Our having been stricken by the small pocks is one reason why I doubt that Cuitlahuac ever did anything about recovering the treasure sunk in the lake. The disease came upon us so soon after the departure of the white men—only days after we had cleaned up the litter they left, before we had begun to recover from the strain of the long occupation, before we had in any measure resumed our civic life where it had been interrupted—that I know the Revered Speaker gave no thought at that time to salvaging the gold and jewels. And later, as the disease became a devastation, he had other reasons for neglecting that task.
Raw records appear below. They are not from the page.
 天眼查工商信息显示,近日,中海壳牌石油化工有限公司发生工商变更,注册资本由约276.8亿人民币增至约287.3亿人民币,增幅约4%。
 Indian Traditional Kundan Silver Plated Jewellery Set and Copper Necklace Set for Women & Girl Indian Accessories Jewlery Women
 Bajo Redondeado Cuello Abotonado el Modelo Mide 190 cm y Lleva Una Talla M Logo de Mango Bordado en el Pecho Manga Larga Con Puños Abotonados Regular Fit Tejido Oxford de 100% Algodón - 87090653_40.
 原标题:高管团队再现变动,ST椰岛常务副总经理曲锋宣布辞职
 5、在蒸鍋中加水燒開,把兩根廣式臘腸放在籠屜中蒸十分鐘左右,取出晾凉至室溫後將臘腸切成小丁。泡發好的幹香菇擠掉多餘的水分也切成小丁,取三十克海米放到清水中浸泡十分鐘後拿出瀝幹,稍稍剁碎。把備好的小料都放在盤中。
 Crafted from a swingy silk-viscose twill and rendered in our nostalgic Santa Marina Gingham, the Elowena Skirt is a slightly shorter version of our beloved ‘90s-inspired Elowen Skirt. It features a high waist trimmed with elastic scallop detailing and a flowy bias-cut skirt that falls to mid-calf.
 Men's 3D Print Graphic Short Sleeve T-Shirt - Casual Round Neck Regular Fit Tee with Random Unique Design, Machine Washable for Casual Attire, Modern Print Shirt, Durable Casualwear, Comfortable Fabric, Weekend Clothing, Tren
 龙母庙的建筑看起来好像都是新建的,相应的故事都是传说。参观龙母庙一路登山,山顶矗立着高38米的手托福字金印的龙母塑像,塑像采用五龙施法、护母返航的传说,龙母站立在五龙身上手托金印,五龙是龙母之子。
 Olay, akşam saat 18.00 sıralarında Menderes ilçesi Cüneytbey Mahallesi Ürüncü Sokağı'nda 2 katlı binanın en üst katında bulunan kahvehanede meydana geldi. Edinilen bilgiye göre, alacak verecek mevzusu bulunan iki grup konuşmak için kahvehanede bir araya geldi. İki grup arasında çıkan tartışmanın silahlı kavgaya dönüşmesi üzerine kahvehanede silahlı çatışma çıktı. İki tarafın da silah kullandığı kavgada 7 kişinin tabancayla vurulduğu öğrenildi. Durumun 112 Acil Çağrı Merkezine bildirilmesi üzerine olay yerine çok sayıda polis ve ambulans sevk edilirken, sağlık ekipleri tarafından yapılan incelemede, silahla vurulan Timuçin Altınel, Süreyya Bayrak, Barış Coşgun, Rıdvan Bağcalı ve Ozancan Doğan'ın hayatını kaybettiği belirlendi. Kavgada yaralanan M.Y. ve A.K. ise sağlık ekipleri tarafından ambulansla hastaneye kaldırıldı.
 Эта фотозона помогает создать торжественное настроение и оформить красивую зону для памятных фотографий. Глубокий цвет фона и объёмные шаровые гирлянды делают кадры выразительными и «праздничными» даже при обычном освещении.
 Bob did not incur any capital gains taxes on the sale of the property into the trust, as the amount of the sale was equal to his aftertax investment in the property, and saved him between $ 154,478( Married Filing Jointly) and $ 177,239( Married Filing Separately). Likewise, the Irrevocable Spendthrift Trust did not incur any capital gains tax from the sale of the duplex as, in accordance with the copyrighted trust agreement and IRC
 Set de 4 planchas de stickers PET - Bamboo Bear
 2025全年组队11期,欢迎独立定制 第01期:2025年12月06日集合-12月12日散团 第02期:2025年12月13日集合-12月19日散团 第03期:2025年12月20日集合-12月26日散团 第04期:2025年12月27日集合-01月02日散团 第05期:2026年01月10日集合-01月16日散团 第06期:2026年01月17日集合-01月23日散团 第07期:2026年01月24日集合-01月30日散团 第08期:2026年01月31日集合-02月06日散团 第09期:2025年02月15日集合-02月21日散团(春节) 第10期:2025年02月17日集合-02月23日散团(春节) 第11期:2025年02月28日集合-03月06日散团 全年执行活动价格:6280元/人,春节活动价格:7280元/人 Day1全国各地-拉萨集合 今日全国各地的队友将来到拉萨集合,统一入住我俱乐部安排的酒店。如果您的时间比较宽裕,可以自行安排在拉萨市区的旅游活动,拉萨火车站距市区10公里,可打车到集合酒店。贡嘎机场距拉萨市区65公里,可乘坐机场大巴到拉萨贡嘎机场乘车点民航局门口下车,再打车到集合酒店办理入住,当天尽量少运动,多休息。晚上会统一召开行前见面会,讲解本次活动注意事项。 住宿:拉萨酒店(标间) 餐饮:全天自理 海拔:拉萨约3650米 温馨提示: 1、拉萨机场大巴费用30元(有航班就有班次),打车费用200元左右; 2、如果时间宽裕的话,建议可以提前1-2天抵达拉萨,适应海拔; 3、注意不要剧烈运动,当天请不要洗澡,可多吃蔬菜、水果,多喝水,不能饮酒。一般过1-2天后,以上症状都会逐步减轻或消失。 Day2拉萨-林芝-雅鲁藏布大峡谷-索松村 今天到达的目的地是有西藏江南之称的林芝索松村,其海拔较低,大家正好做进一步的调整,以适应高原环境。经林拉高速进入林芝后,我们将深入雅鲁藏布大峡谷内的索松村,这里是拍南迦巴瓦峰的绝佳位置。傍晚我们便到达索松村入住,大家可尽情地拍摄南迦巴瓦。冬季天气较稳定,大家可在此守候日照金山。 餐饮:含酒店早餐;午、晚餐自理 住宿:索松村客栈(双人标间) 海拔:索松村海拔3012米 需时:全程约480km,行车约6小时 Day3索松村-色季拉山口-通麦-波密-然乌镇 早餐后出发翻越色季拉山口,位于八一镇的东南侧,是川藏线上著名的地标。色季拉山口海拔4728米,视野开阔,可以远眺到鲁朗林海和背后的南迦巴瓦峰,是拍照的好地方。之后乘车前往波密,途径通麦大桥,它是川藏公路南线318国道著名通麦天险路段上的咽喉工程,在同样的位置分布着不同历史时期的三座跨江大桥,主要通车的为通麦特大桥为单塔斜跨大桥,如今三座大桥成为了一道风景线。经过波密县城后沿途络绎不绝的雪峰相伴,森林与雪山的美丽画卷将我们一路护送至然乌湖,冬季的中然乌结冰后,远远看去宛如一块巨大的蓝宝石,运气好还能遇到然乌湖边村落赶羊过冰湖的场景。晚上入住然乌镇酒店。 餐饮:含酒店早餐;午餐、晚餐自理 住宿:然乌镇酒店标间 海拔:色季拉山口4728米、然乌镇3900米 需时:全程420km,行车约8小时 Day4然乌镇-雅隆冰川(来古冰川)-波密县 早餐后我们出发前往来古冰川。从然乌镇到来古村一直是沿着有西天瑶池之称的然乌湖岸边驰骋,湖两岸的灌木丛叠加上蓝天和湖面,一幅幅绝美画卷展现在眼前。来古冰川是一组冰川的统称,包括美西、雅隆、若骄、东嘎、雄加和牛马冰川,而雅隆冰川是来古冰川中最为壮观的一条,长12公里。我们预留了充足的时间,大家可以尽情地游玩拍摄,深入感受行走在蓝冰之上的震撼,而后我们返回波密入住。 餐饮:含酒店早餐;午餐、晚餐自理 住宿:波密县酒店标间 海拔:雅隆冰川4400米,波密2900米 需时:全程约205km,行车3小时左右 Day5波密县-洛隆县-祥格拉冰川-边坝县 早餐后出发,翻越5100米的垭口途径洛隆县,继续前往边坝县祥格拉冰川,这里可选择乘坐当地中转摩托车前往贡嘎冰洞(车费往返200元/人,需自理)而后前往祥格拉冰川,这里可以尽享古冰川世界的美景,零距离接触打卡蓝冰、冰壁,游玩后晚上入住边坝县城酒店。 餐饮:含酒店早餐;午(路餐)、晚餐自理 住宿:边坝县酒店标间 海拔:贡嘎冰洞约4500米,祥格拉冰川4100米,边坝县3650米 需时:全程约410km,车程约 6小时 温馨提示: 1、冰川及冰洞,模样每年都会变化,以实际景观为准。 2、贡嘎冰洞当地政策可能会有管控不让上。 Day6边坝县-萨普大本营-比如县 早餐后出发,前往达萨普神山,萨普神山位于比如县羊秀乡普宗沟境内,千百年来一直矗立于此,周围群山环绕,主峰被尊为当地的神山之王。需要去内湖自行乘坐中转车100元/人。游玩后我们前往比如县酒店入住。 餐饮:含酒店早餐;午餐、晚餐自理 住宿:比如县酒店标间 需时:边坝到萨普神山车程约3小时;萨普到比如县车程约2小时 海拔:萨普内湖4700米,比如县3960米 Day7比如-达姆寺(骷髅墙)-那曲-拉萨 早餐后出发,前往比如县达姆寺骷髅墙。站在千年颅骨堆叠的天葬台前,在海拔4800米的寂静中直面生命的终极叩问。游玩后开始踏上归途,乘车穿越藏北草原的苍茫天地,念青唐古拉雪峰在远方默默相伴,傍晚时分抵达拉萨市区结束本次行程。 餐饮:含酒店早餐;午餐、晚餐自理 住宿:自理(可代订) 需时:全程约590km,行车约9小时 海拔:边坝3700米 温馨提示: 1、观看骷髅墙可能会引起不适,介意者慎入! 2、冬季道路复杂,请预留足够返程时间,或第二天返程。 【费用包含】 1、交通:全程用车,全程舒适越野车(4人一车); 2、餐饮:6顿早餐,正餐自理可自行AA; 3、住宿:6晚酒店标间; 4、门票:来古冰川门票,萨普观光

You see, we were for a long while cut off from all news of the world beyond the lake region. Merchants and messengers of other nations refused to enter our tainted area, and Cuitlahuac forbade our own pochtéa and travelers to go elsewhere and possibly carry the contamination. I think it was fully four months after the Sad Night when one of our quimichime mice posted in Texcala summoned up the courage to come from there and tell us what had been happening during that time.